● **Work instructions**
Repeat the listing exactly. Any picture in it should be left out of the copy.

● **Given material**
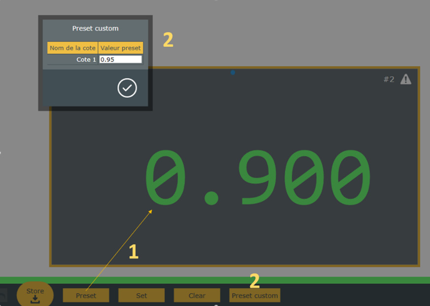 - Allows the operator to modify the preset manually during the execution of the control plan, for example in internal measurements with pistol grips whose preset is significantly different for the same nominal.
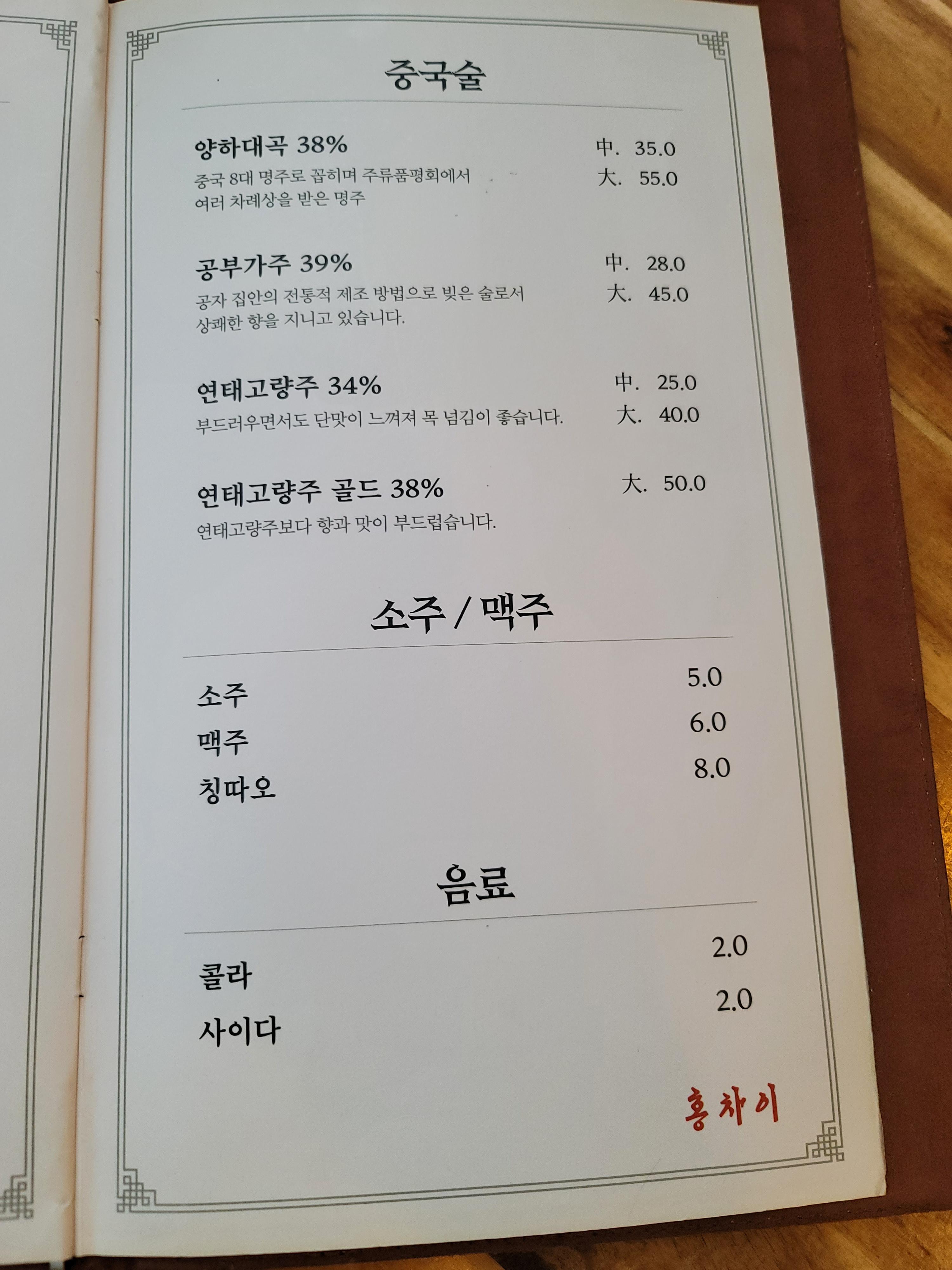 2. 홍차이 내부 및 메뉴판
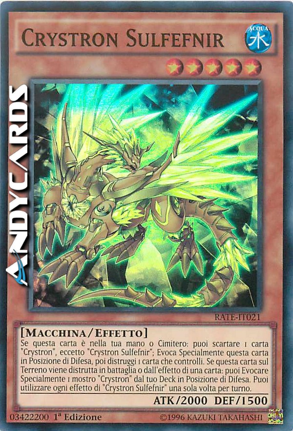 Se questa carta è nella tua mano o Cimitero: puoi scartare 1 carta "Crystron", eccetto "Crystron Sulfefnir"; Evoca Specialmente questa carta in Posizione di Difesa, poi distruggi 1 carta che controlli. Se questa carta sul Terreno viene distrutta in battaglia o dall'effetto di una carta: puoi Evocare Specialmente 1 mostro "Crystron" dal tuo Deck in Posizione di Difesa. Puoi utilizzare ogni effetto di "Crystron Sulfefnir" una sola volta per turno.
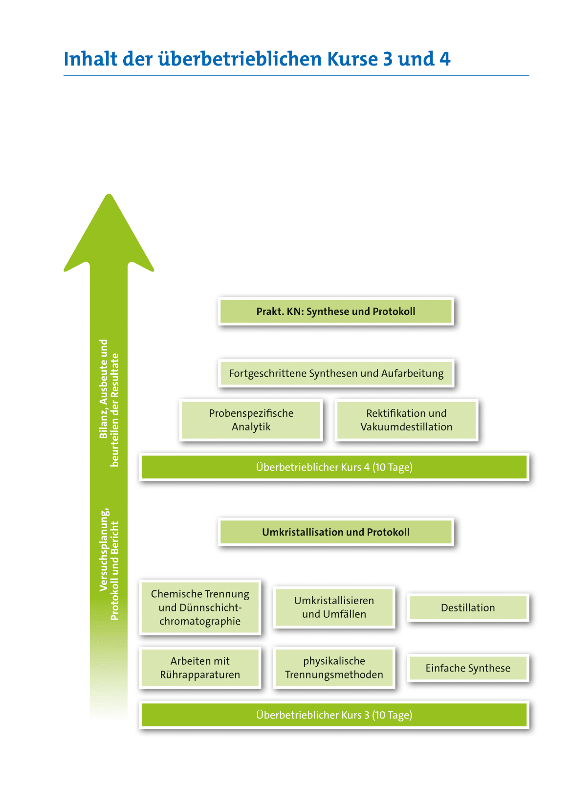 Der überbetriebliche Kurs 3 und 4 wird im Laufe des 4. Semesters durchgeführt und beschäftigt sich mit dem Transfer der Grundtechniken sowie der Techniken aus den Fachbereichen mit dem besonderen Schwerpunkt des Synthetisierens von chemischen Verbindungen, dem damit verbundenen Apparatebaus, der Reinigungsprozesse und Identifizierung der chemischen Verbindungen.

● **The answer**
 - Allows the operator to modify the preset manually during the execution of the control plan, for example in internal measurements with pistol grips whose preset is significantly different for the same nominal.
 2. 홍차이 내부 및 메뉴판
 Se questa carta è nella tua mano o Cimitero: puoi scartare 1 carta "Crystron", eccetto "Crystron Sulfefnir"; Evoca Specialmente questa carta in Posizione di Difesa, poi distruggi 1 carta che controlli. Se questa carta sul Terreno viene distrutta in battaglia o dall'effetto di una carta: puoi Evocare Specialmente 1 mostro "Crystron" dal tuo Deck in Posizione di Difesa. Puoi utilizzare ogni effetto di "Crystron Sulfefnir" una sola volta per turno.
 Der überbetriebliche Kurs 3 und 4 wird im Laufe des 4. Semesters durchgeführt und beschäftigt sich mit dem Transfer der Grundtechniken sowie der Techniken aus den Fachbereichen mit dem besonderen Schwerpunkt des Synthetisierens von chemischen Verbindungen, dem damit verbundenen Apparatebaus, der Reinigungsprozesse und Identifizierung der chemischen Verbindungen.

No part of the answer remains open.